Charalambos Katsimitros (; 1886–1962) was a Greek general who distinguished himself during the Italian invasion of Greece.

Early life and career
Katsimitros entered the Army in 1904. He participated in the Balkan Wars as a 2nd Lieutenant in 1913 and fought in the Macedonian front with the rank of captain during the First World War. With the rank of Major he took part and was wounded in the Battle of Hasan Bel, in the Asia Minor Campaign. During the following years he was promoted to senior staff positions within the Army Ministry. In 1936 he was promoted to Major General and served as commander of 7th Division in Drama, 9th Division in Kozani and on 9 February 1938 he was put in command of the 8th Infantry Division of Epirus based in Ioannina. After Albania was occupied by Italy in the spring of 1939, he made great efforts to prepare for a possible Italian invasion via Albania, by constructing fortifications and familiarizing his men with the harsh local terrain.

Greco-Italian war
On the outbreak of the war, Katsimitros' unit was fully mobilized, reinforced with an additional regiment, and deployed to meet the Italians. He took the decision to organize forward defense and hold the Elaia (Kalpaki) position, despite opposite instructions from the General Staff, and succeeded in defending it against repeated attacks until 9 November. In this way he managed to contain the Italian offensive in the Epirus sector, and bought valuable time for the Greek reinforcements to arrive.

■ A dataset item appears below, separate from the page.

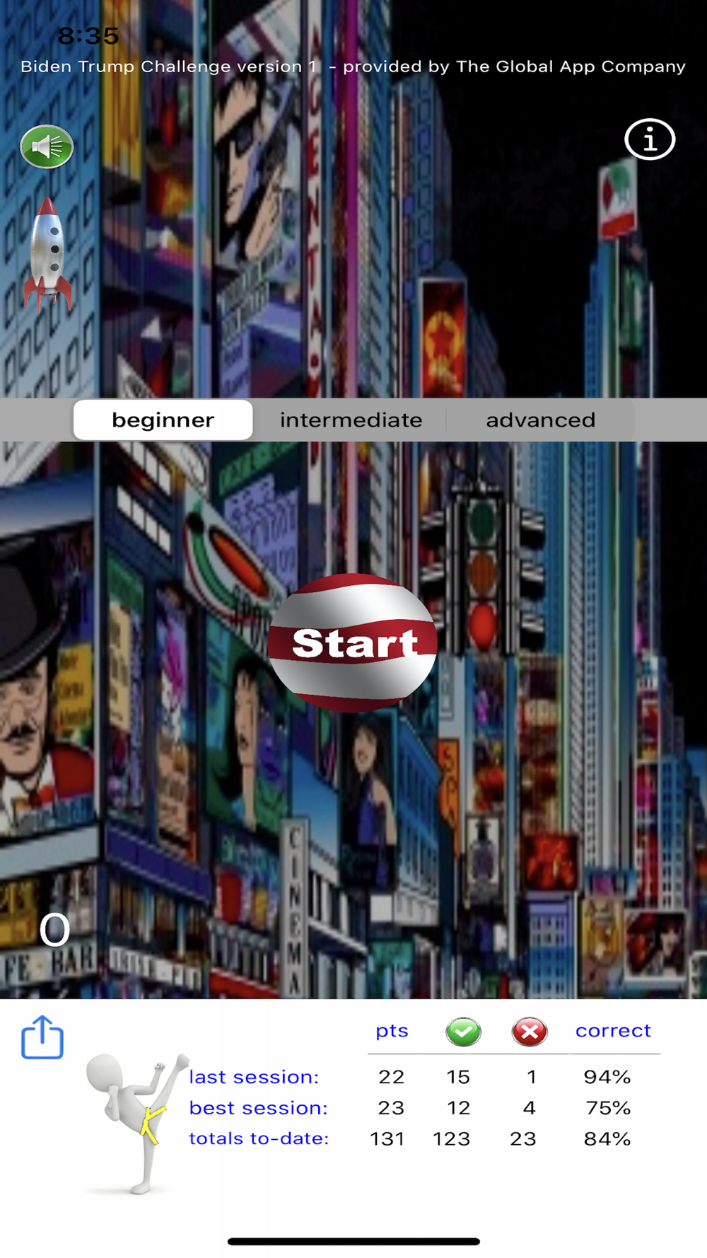 The app will test your quickness and challenge your ability to focus. Select the beginner level to become accustom to the interface and the challenge presented in the app. Then move up to the intermediate level and eventually try to master the advanced level. Each iteration runs for 59 seconds and if you score enough points you will be awarded with bonus time to allow you to earn additional points. As you accumulate points you will be awarded colored-belts to reflect your achievement levels. During play, keep an eye out for many distractions, including trains, airplanes, missiles and even Santa Clause. The app is connected to the apple game center which allows you to see how your score compares to others playing the game. We invite Joe Biden and Donald Trump or any politician to play the app to validate their mental alertness.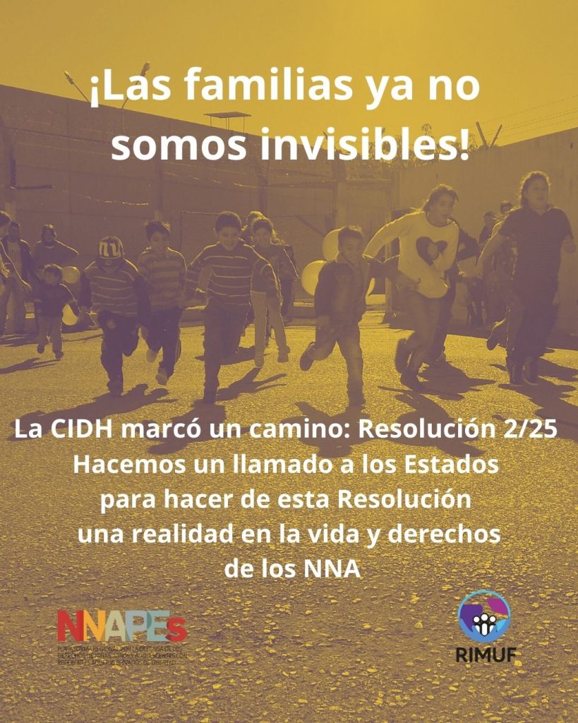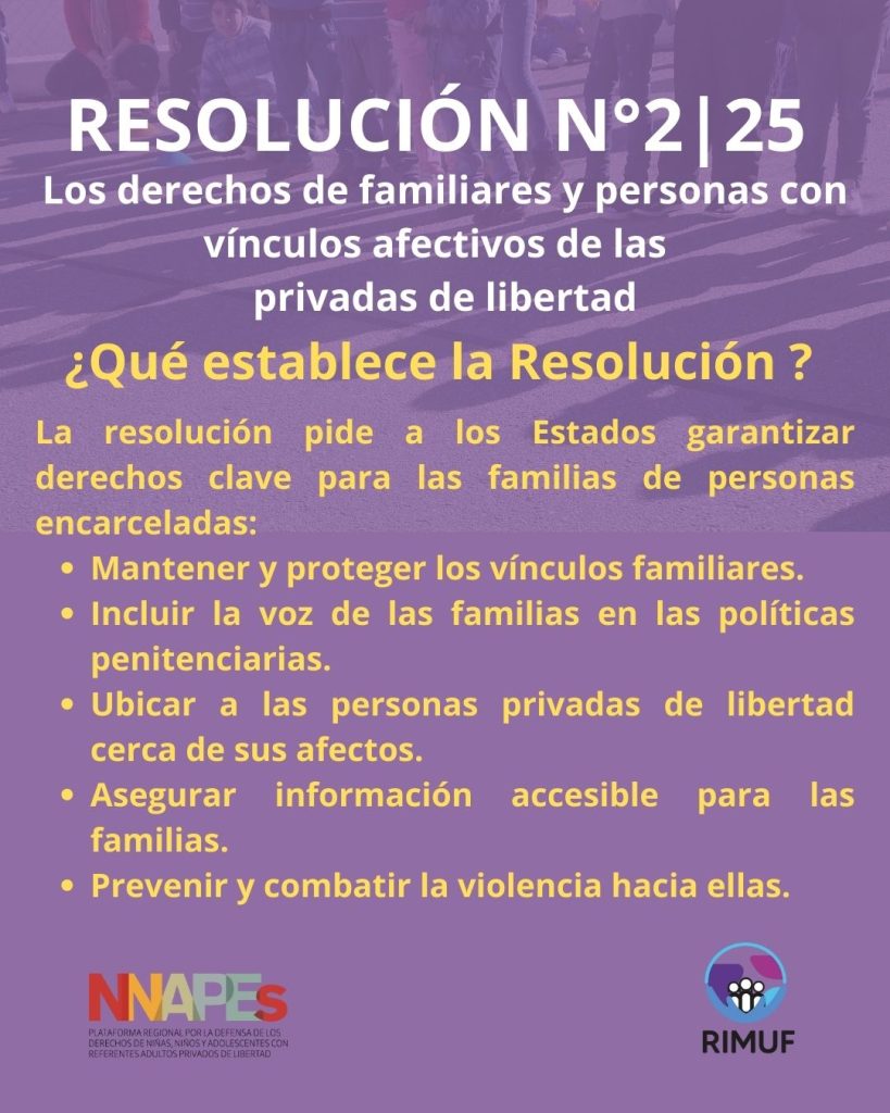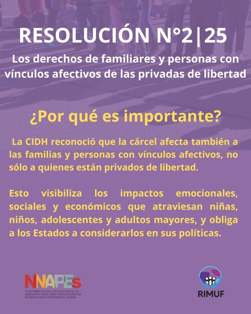 Este 2025 quedará marcado como un año histórico. Después de muchos años de trabajo incansable, articulado y en red por parte de las organizaciones que integran RIMUF, la Plataforma NNAPES y distintos aliados, se logró la Resolución 2/2025 de la CIDH, un reconocimiento fundamental que visibiliza a las familias de las personas privadas de la libertad y afirma sus derechos.

When the Greek counter-offensive began, Katsimitros led his division into Albania, after forcing the pass of Kakavia. After the German attack on Greece began, he retreated with the rest of the Army of Epirus, and the capitulation found him in Ioannina.

Collaboration and post-war career
Along with other prominent generals, Katsimitros became a member of the first collaborationist government of General Georgios Tsolakoglou, serving from April to September 1941, first as Minister for Labour and then for Agriculture. After Liberation, he was tried and sentenced to 5 years imprisonment for this, but received a royal pardon in 1949 was promoted to Lieutenant General for his service during the Greco-Italian War and the Battle of Greece.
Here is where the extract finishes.